В детстве он не отдавал себе отчёта, но недавно вдруг понял, чем посёлок отличался от остального знакомого мира: в Немчиновке всё советское куда-то исчезало. Никто никогда не вспоминал, что был октябрёнком или пионером, никто не пел советских детских песен (их заменял детский фольклор), не читал стихов о Ленине, Октябре и Первом мая. Хотя вообще пели и читали много, но всегда что-то странное или подспудно непристойное типа: «С добрым утром тётя Хая, вам посылка из Шанхая…». Где тот Шанхай, а где Подмосковье? «А в посылке три китайца, ой-ой-ой, три китайца красят яйца, ой-ой-ой…» Слушали Аркадия Северного, Вилли Токарева, Ивана Реброва, Арабески, Чингисхан. Откуда брались записи, Денис не знал, но всё это ему нравилось.

А ещё Немчиновку окутывала детская магия. В потаённых местах жили черти, Пиковая Дама и падкие на конфеты гномики. В зеркалах блуждали как будущие женихи девчонок, так и жуткие опасные существа, способные утащить в зазеркалье. В доме обитал домовой, и Денис с Катькой ставили для него блюдце с молоком.
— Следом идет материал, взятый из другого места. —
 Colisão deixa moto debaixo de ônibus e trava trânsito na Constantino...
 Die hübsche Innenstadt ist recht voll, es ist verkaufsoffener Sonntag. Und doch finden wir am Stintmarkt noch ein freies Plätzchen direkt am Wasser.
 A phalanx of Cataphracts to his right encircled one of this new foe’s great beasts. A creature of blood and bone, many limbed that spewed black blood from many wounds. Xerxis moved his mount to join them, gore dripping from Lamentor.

В Немчиновке рассказывали страшные истории про чёрные дома, чёрные гробы, чёрные руки, про девочку, которую убило красное пианино.

Время от времени играли в панночку: одна из девчонок ложилась спиной на землю, складывая руки на груди, как покойница. Остальные, окружив её, замогильными голосами произносили бессвязное заклинание:

Панночка помЭрла

Чёрта вспомянул

Да вознесём её на небеса

 

Стоявшие вокруг подкладывали под «панночку» по два пальца и стремительно подкидывали её вверх. Силой заклинания тело становилось невесомым, каким-то непостижимым образом действительно взмывало ввысь, у «панночки» перехватывало дыхание, и она в восторге ощущала настоящий полёт.
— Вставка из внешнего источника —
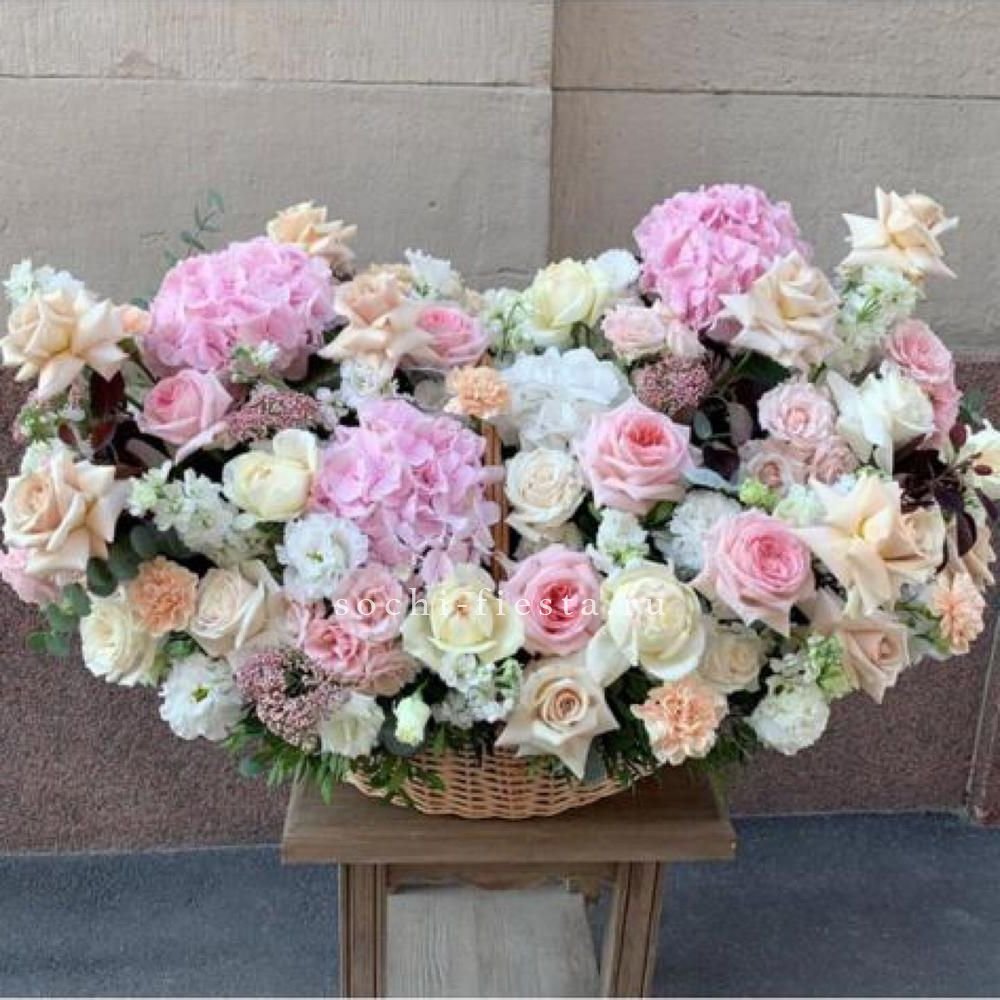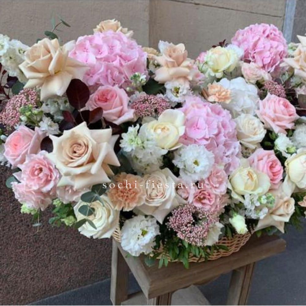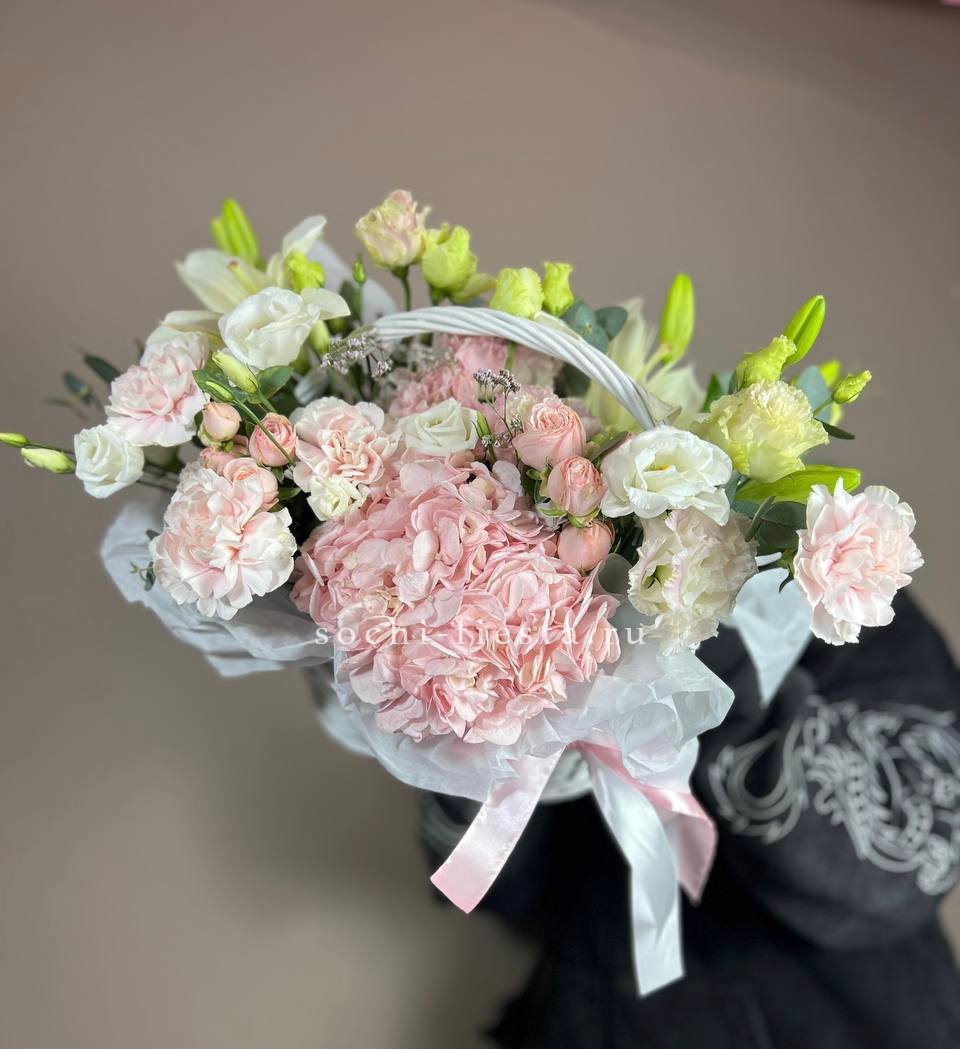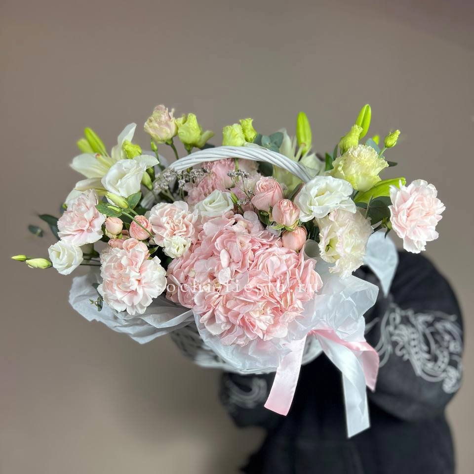 цветочная корзина с розами, мисти баблс, диантусами и гортензией.

Магия делала своё дело, поэтому, находясь в Немчиновке, Денис относился к потусторонним силам крайне серьёзно. Верил в духов, привидения и инопланетян. Иногда начинал даже верить в Бога – странная для советского школьника блажь. Потом он возвращался Москву, в обычную материальную жизнь, и зимой ему казалось, что все эти магические существа тихо спят под снегом. Однако Денис всегда помнил: зима обязательно кончится, и он вновь окажется в таинственном летнем мире Немчиновки.
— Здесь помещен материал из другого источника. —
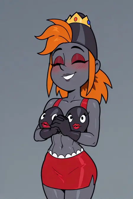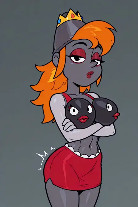 마리오 총알, 총알 빌, 기징카, 반 로켓형 인간, 어두운 회색 피부, 복근, 중간 길이의 검정과 주황색 머리, 어두운 회색 헬멧, 프린세스 피치 왕관, 어두운 빨강 아이섀도우, 곡선형 몸매, 빨간 스트랩이 달린 총알 빌 브라, 밝은 회색 팔, 빨간 치마 같은 요소, 다리로 로켓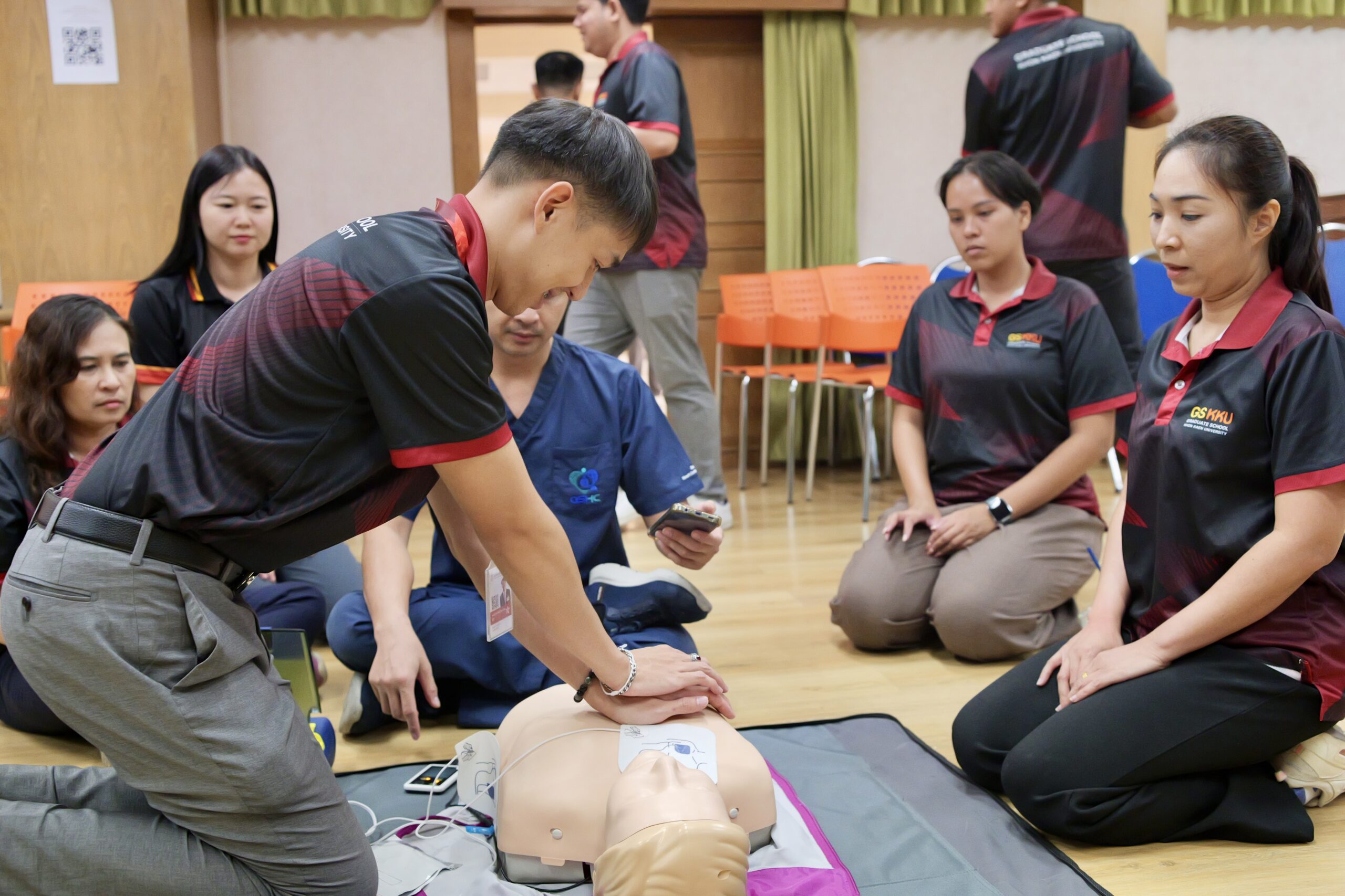 ส่วนในช่วงบ่าย เป็นการอบรมเชิงปฏิบัติการด้าน การช่วยฟื้นคืนชีพขั้นพื้นฐาน (CPR) และการใช้เครื่องกระตุกหัวใจไฟฟ้าชนิดอัตโนมัติ (AED) โดยได้รับความอนุเคราะห์ทีมวิทยากรผู้เชี่ยวชาญจาก ศูนย์หัวใจสิริกิติ์ ภาคตะวันออกเฉียงเหนือ มาตั้งฐานการเรียนรู้ ตั้งแต่การประเมินความปลอดภัยของสิ่งแวดล้อม การประเมินความรู้สึกผู้ป่วย การแจ้งเหตุสายด่วน 1669 ตลอดจนการฝึกปฏิบัติกดหน้าอกอย่างมีประสิทธิภาพสลับกับการใช้เครื่อง AED บนหุ่นจำลอง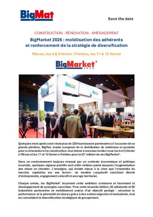 Quelques mois après avoir réuni plus de 220 fournisseurs partenaires à l’occasion de sa grande plénière, BigMat, leader européen de la distribution de matériaux et produits pour la rénovation et la construction, leur donne à nouveau rendez-vous les 4 et 5 février à Mâcon et les 11 et 12 février à Poitiers pour la 23e édition de ses BigMarket’.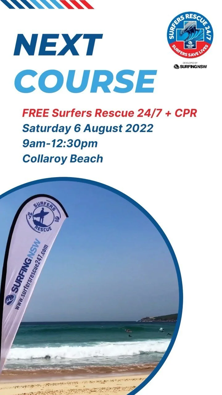 Surfing NSW, with the support of the NSW Government, is giving all surfers in NSW the opportunity to do a CPR and board rescue course – “Surfers Rescue 24/7”.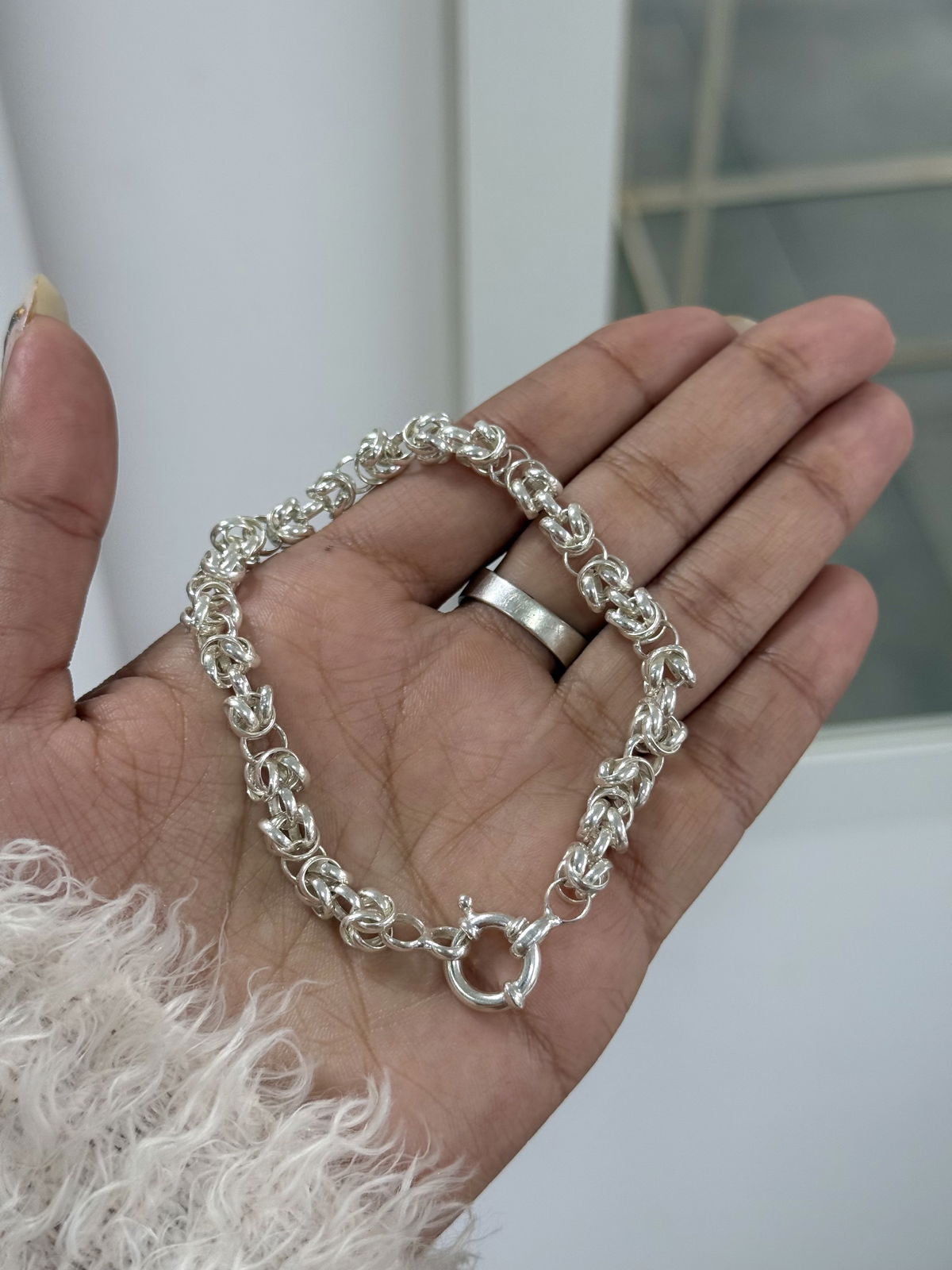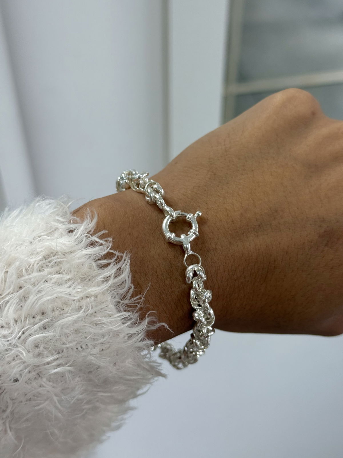 Pulsera punto peruano con cierre marinero plata925, 21cm.

А потом всё не то, чтобы оборвалось, но отодвинулось, отступило в глубину. Гномики, страшилки, Пиковая Дама, немчиновские друзья, принц Флоризель с дурацким "Клубом самоубийц" на время затаились, наблюдая за Денисом издалека. Просто кончилось детство, но Денис об этом не жалел, ведь появилось столько всего нового. Он много раз посмотрел фильм «Асса», без устали крутил на кассетнике «Мы ждём перемен», и перемены хлынули потоком. Новая музыка, фильмы, новые друзья, девушки, новые возможности для образования. Жизнь крутилась, словно диск, поставленный ди-джеем, события вспыхивали пятнами цветомузыки и грохотали грохотом ударной установки. В череде дружеских попоек Денис не заметил, как получил диплом, устроился в хорошую фирму и оказался с обручальным кольцом на пальце и свадебным фото в рамочке над кроватью.

Всё было сносно до того дня, когда Светка сунула ему под нос пухлый кулёк, откуда выглядывало сморщенное безбровое личико. Уверенный, что родится сын, Денис уже несколько дней не мог прийти в себя от разочарования, однако надеялся, что при виде ребёнка отношение к дочери поменяется. И вот он стоял над беспомощным существом в кульке и не чувствовал ничего. Вернее, сначала ничего, а затем пустота заполнилась раздражением. Тёща потом не упускала случая припомнить: «Зятёк-то-то аж позеленел от злости…»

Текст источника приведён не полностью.